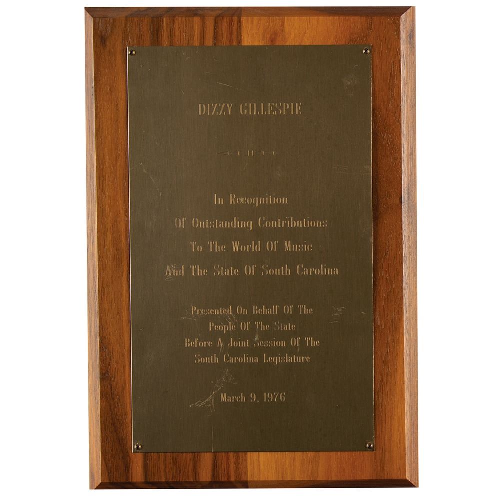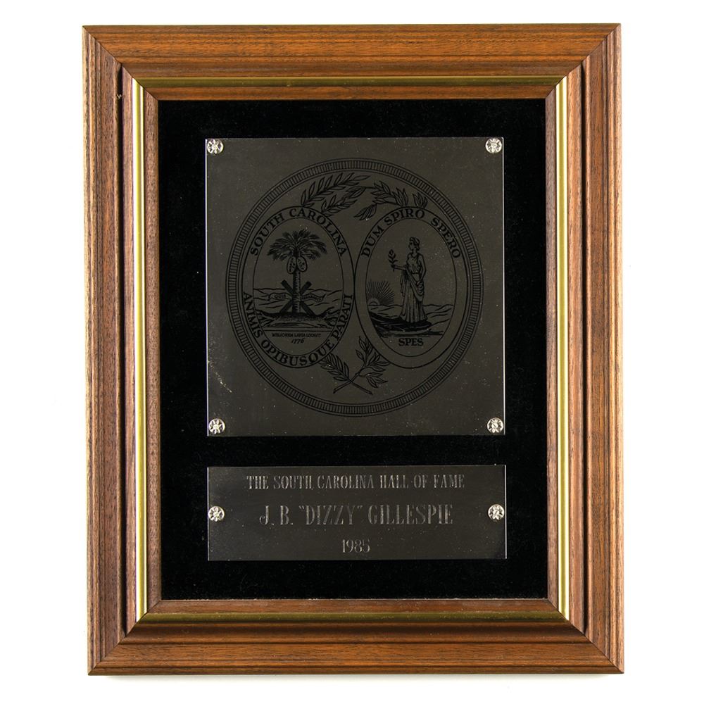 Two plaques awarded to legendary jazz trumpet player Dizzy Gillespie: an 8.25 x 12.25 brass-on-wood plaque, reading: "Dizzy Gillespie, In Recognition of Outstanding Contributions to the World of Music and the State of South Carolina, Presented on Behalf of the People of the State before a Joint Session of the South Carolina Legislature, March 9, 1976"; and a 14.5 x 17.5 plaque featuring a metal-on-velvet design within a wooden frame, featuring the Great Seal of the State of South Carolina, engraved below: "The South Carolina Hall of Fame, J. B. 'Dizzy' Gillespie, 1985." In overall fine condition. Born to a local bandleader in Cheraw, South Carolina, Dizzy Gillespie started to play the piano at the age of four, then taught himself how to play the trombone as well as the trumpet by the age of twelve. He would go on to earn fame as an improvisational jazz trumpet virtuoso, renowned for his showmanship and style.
==
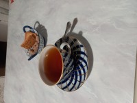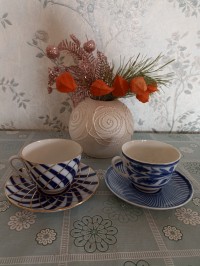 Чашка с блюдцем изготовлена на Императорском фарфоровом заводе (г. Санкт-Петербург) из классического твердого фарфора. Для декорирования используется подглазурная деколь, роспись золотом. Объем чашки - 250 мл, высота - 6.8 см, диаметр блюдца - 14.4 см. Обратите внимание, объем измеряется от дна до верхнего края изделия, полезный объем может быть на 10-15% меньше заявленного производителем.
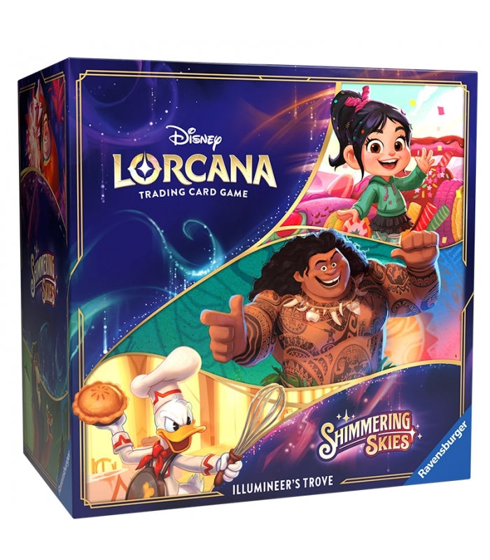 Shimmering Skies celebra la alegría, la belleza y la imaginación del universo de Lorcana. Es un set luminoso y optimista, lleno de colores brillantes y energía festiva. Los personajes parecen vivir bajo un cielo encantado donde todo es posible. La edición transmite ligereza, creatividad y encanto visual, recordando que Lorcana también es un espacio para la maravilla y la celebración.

EXERCISE AIM: Of the lines above, copy only those from the one holding "Чашка с блюдцем" to the one holding "Shimmering Skies celebra", both included, and exclude every image.

RESPONSE AREA:
 Чашка с блюдцем изготовлена на Императорском фарфоровом заводе (г. Санкт-Петербург) из классического твердого фарфора. Для декорирования используется подглазурная деколь, роспись золотом. Объем чашки - 250 мл, высота - 6.8 см, диаметр блюдца - 14.4 см. Обратите внимание, объем измеряется от дна до верхнего края изделия, полезный объем может быть на 10-15% меньше заявленного производителем.
 Shimmering Skies celebra la alegría, la belleza y la imaginación del universo de Lorcana. Es un set luminoso y optimista, lleno de colores brillantes y energía festiva. Los personajes parecen vivir bajo un cielo encantado donde todo es posible. La edición transmite ligereza, creatividad y encanto visual, recordando que Lorcana también es un espacio para la maravilla y la celebración.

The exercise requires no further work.